Both Solaris, and FreeBSD (I've got a FreeNAS system at work i checked on).
That said, I'm starting to wonder if just failing fallocate() calls to
allocate space is actually the right thing to do here after all. Aside
from this, we don't reserve metadata space for checksums and similar
things for the eventual writes (so it's possible to get -ENOSPC on a
write to an fallocate'ed region anyway because of metadata exhaustion),
and splitting extents can also cause it to fail, so it's perfectly
possible for the fallocate assumption to not hole on BTRFS. The irony
of this is that if you're in a situation where you actually need to
reserve space, you're more likely to fail (because if you actually
_need_ to reserve the space, your filesystem may already be mostly full,
and therefore any of the above issues may occur).

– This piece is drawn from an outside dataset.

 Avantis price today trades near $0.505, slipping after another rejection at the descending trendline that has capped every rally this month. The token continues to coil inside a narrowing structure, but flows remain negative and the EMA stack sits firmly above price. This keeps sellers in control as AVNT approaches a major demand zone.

On the specific note of splitting extents, the following will probably
fail on BTRFS as well when done with a large enough FS (the turn over
point ends up being the point at which 256MiB isn't enough space to
account for all the extents), but will succeed with :
1. Create filesystem and mount it. On BTRFS, make sure autodefrag is
off (this makes it fail more reliably, but is not essential for it to fail).

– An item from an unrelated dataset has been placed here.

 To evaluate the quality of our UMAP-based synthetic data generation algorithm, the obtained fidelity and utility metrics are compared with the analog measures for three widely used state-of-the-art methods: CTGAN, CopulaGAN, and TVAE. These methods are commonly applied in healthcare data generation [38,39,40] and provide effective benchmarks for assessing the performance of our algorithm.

2. Use fallocate to allocate as large a file as possible (in the BTRFS
case, try for the size of the filesystem - 544MiB (512 MiB for the
metadata chunk, 32 for the system chunk).
3. Write half the file using 1MB blocks and skipping 1MB of space
between each block (so every other 1MB of space is actually written to.
4. Write the other half of the file by filling in the holes.
The net effect of this is to split the single large fallocat'ed extent
into a very large number of 1MB extents, which in turn eats up lots of
metadata space and will eventually exhaust it. While this specific
exercise requires a large filesystem, more generic real world situations
exist where this can happen (and I have had this happen before).
[...]
In terms of a COW filesystem, you need the space of a) + the space of b)
No, that is only required if the entire file needs to be written atomically.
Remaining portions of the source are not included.